There were 237 households in Welch, of which 39.2% had children under the age of 18 living in them. Of all households, 48.1% were married-couple households, 11.4% were households with a male householder and no spouse or partner present, and 30.8% were households with a female householder and no spouse or partner present. About 21.9% of all households were made up of individuals and 11.4% had someone living alone who was 65 years of age or older.

There were 276 housing units, of which 14.1% were vacant. The homeowner vacancy rate was 1.1% and the rental vacancy rate was 9.2%.

Racial composition as of the 2020 census
| Race | Number | Percent |
|---|---|---|
| White | 461 | 74.1% |
| Black or African American | 5 | 0.8% |
| American Indian and Alaska Native | 87 | 14.0% |
| Asian | 0 | 0.0% |
| Native Hawaiian and Other Pacific Islander | 0 | 0.0% |
| Some other race | 7 | 1.1% |
| Two or more races | 62 | 10.0% |
| Hispanic or Latino (of any race) | 22 | 3.5% |

===2000 census===
As of the census of 2000, there were 597 people, 247 households, and 170 families residing in the town. The population density was 1,308.7 PD/sqmi. There were 295 housing units at an average density of 646.7 /sqmi. The racial makeup of the town was 75.38% White, 0.17% African American, 12.90% Native American, 1.34% from other races, and 10.22% from two or more races. Hispanic or Latino of any race were 2.18% of the population.

There were 247 households, out of which 27.9% had children under the age of 18 living with them, 54.3% were married couples living together, 11.7% had a female householder with no husband present, and 30.8% were non-families. 28.3% of all households were made up of individuals, and 17.4% had someone living alone who was 65 years of age or older. The average household size was 2.35 and the average family size was 2.86.

In the town, the population was spread out, with 22.9% under the age of 18, 9.9% from 18 to 24, 23.1% from 25 to 44, 20.6% from 45 to 64, and 23.5% who were 65 years of age or older. The median age was 39 years. For every 100 females, there were 87.7 males. For every 100 females age 18 and over, there were 84.0 males.

The median income for a household in the town was $31,389, and the median income for a family was $38,482. Males had a median income of $22,063 versus $21,944 for females. The per capita income for the town was $14,358. About 8.9% of families and 14.8% of the population were below the poverty line, including 18.8% of those under age 18 and 9.8% of those age 65 or over.

==Economy==
Agriculture has been the mainstay of Welch's economy since its founding. Henry Brooks Campbell began buying hay in 1889 for a Kansas City hay dealer, leading to the establishment of Campbell Hay and Grain Company, one of the largest hay and grain businesses in northeastern Indian Territory at that time. In 1928 The Maxson family started a cattle auction business in 1928 and 1967 opened the Maxson Sales Barn in 1967. The business was renamed the Welch Livestock Auction, after the Maxsons sold it in 1977. Charley Neill began a cattle-feeding business on his ranch west of town in the 1930s. He and a son formed the Neill Cattle Company in 1960.

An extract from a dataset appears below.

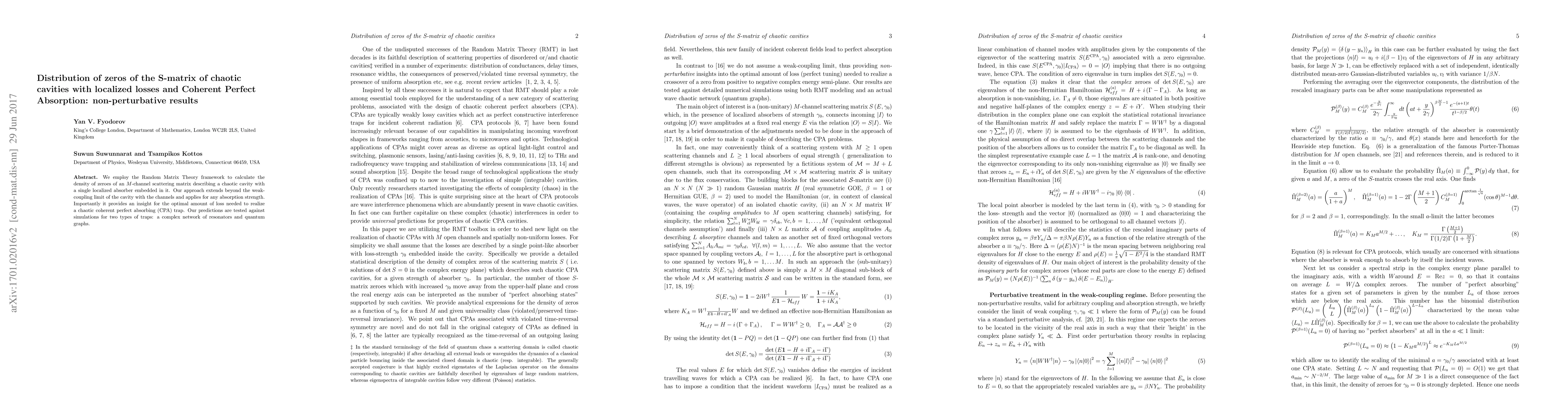 Researchers used Random Matrix Theory to study the distribution of zeros in a chaotic cavity with localized losses, predicting optimal loss levels for a coherent perfect absorbing trap. Their findings were validated through simulations of two types of traps: complex networks and quantum graphs.

Crop production, ranching, and related businesses remain the area's financial anchor.

Welch is one of three towns in the county that still has a bank. The People's Bank was founded in 1901, and a second bank, Oklahoma State Bank, opened in 1910. The two merged in 1923 to form the Welch State Bank.

==Education==
It is in Welch Public Schools.

==Notable people==
- Ma Barker, leader of the 1930s Barker gang, is buried in Welch along with two of her sons, Herman and Fred.
- Joe Bauman, baseball player, was born in Welch.